Content starts

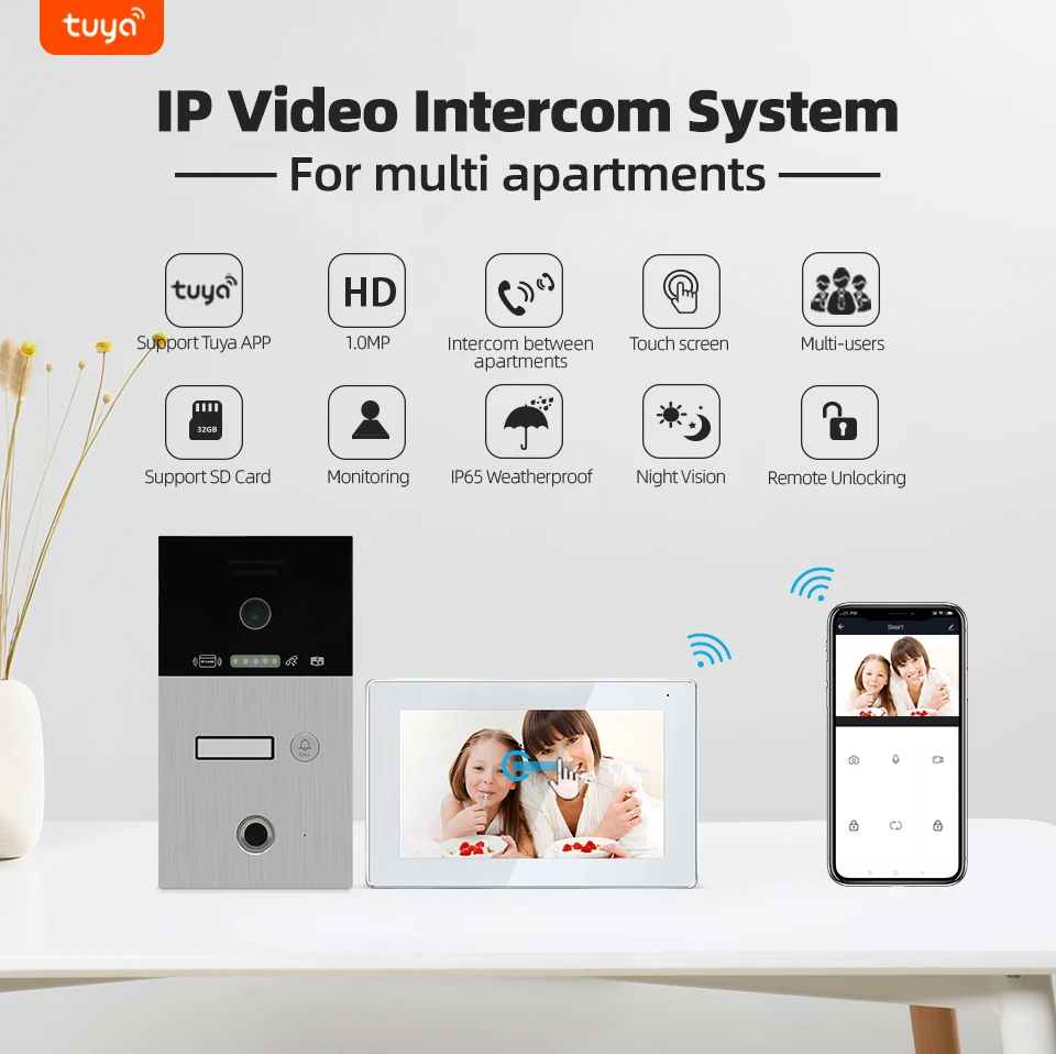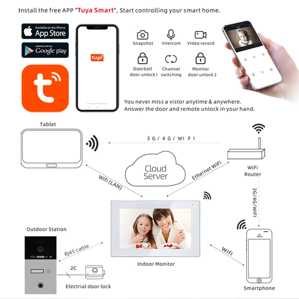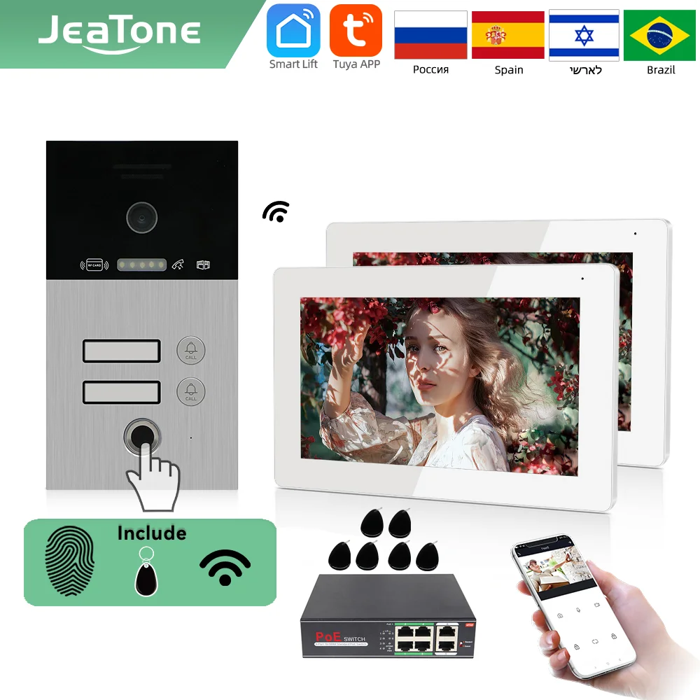 Jeatone TUYA 7 IP WIFI беспроводной видеодомофон для квартиры 1F2F3F монитор дверной звонок наружный унитаз с отпечатком пальцаRFIC карта
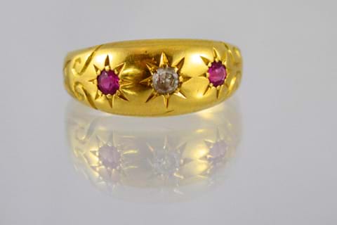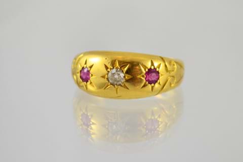 18ct yellow gold 'gypsy' ring featuring two synthetic rubies, star set, on either side of a single cut diamond in the centre. This piece is hallmarked 'Chester 1907' and an Independent Valuation is provided
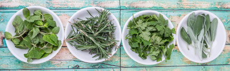 Rosemary, mint, parsley and sage leaves herbs in white bowl over wooden background
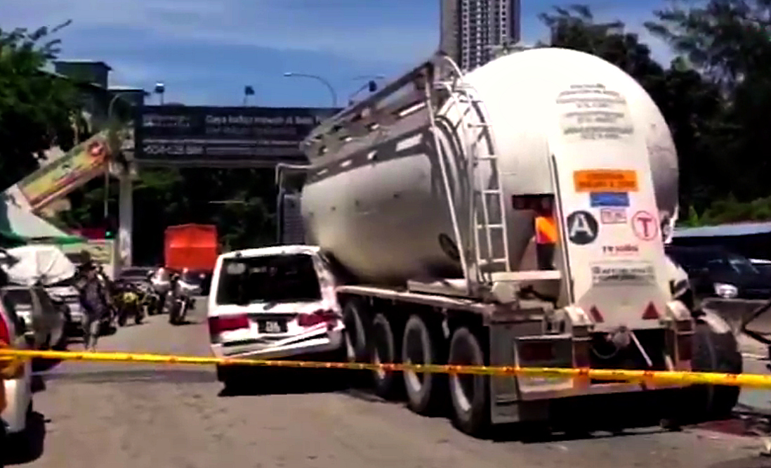 The Star Online reports that the accident at Jalan Tanjung Tokong in George Town involved a lorry, a 20-tonne tanker, two Mercedes cars and a van. It reportedly caused a two-hour traffic jam from Batu Feringghi to all the way into the city.

Content ends

What you are asked to do
A faithful copy of the data above is wanted, with every image left out.

Finished exercise
 Jeatone TUYA 7 IP WIFI беспроводной видеодомофон для квартиры 1F2F3F монитор дверной звонок наружный унитаз с отпечатком пальцаRFIC карта
 18ct yellow gold 'gypsy' ring featuring two synthetic rubies, star set, on either side of a single cut diamond in the centre. This piece is hallmarked 'Chester 1907' and an Independent Valuation is provided
 Rosemary, mint, parsley and sage leaves herbs in white bowl over wooden background
 The Star Online reports that the accident at Jalan Tanjung Tokong in George Town involved a lorry, a 20-tonne tanker, two Mercedes cars and a van. It reportedly caused a two-hour traffic jam from Batu Feringghi to all the way into the city.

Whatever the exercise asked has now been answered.